Vanity Fair review: "The Man from U.N.C.L.E. Is a Charming Late-Summer Surprise"

 

Guy Ritchie’s lively, limber new spy film is not the August refuse it once seemed destined to be.
Fear not for August. Though the month’s status as the dumping ground for less-than summer movies is still intact—”fantastic” is such a risky word to put right in the title!—it is still possible for something to surprise and entertain, to defy its assumed role as a late-season dud. The new 1960s-set spy comedy The Man from U.N.C.L.E. has an inauspicious backstory—most notably a tortured casting process that started with George Clooney, moved to Tom Cruise, and ended withHenry Cavill—and is based on a 50-year-old television series that not that many people remember. By all measures it should be among the most forgotten of summer fare, limply marketed and hamstrung by a lack of movie-star moxie. But instead it manages, through the pluck of its cast and its director, Guy Ritchie, to entertain in a fizzy, offbeat kind of a way. It’s a merry jaunt with a refreshingly low body count (until the end, at least) that deserves more of an audience than it’s probably going to get.
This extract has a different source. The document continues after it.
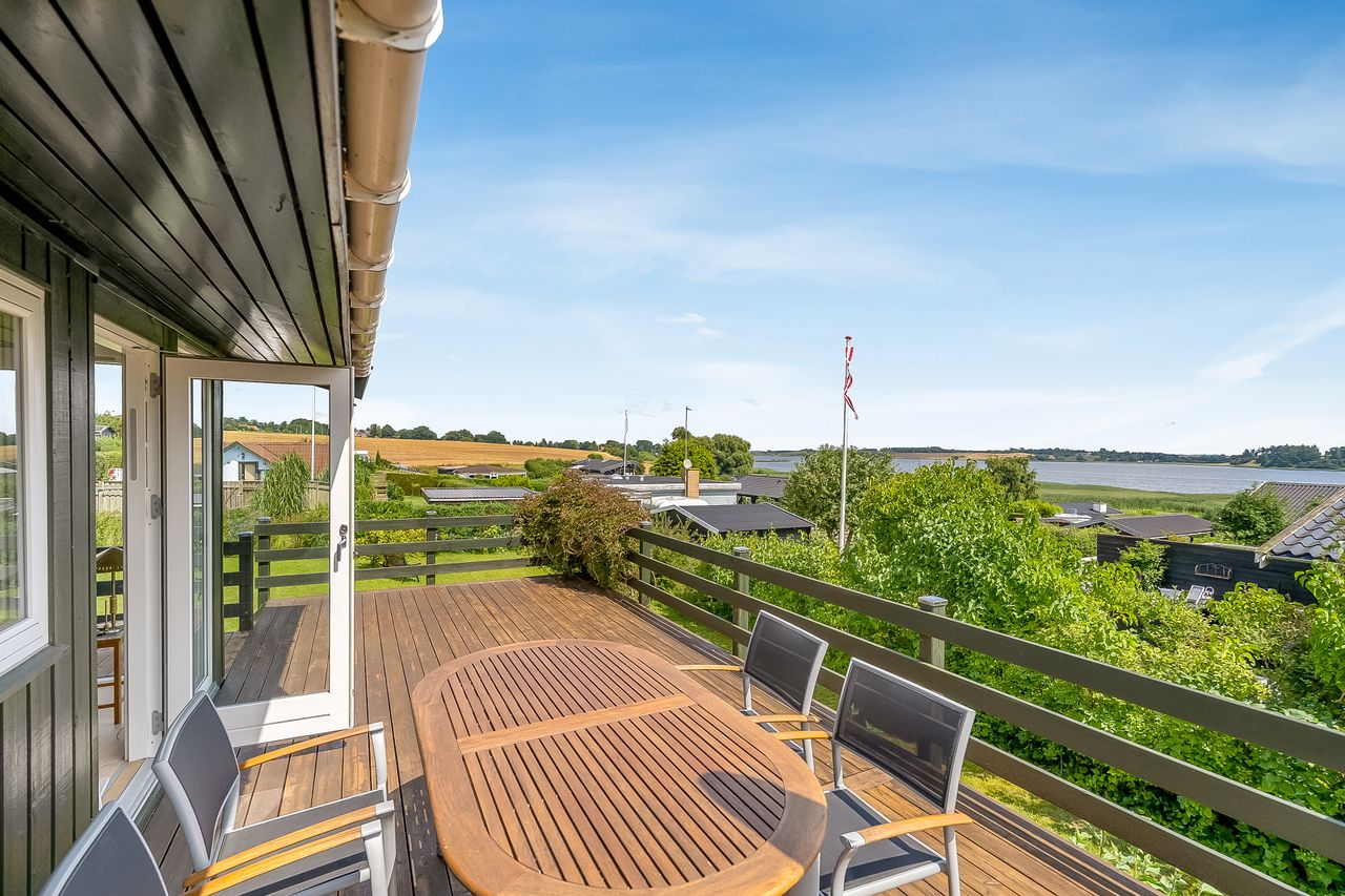 Ved huset er anlagt alle tiders flotte store træterrasse, hvor de skønne sommeraftener kan nydes med kaffen og kigget udover fjorden.

At first glance, Man from U.N.C.L.E. would seem to suffer from a dearth of star power. Cavill may be Superman, but he hasn’t done much else. His U.N.C.L.E. co-star, Armie Hammer, had good chemistry with himself in The Social Network (he played twins Cameron and Tyler Winklevoss), but he was poorly served in later films like J. Edgar and The Lone Ranger and his star moment seemed to pass. So the two of them leading a ring-a-ding summer spy romp initially seems like a strange premise. And yet it works, better, even, than it might have with Clooney, or Cruise, or any of the myriad other big names once loosely attached to the movie. Cavill and Hammer both act like they have something to prove—rather than coasting on pre-packaged charm, they (Cavill especially) really go for it, creating something both slick and silly in the process. They’re fun to watch, because they’re game and committed, and because, with their lowered Q scores, they can slip right into the context of the movie. We’re not watching George Clooney running around doing stuff, we’re watching Napoleon Solo.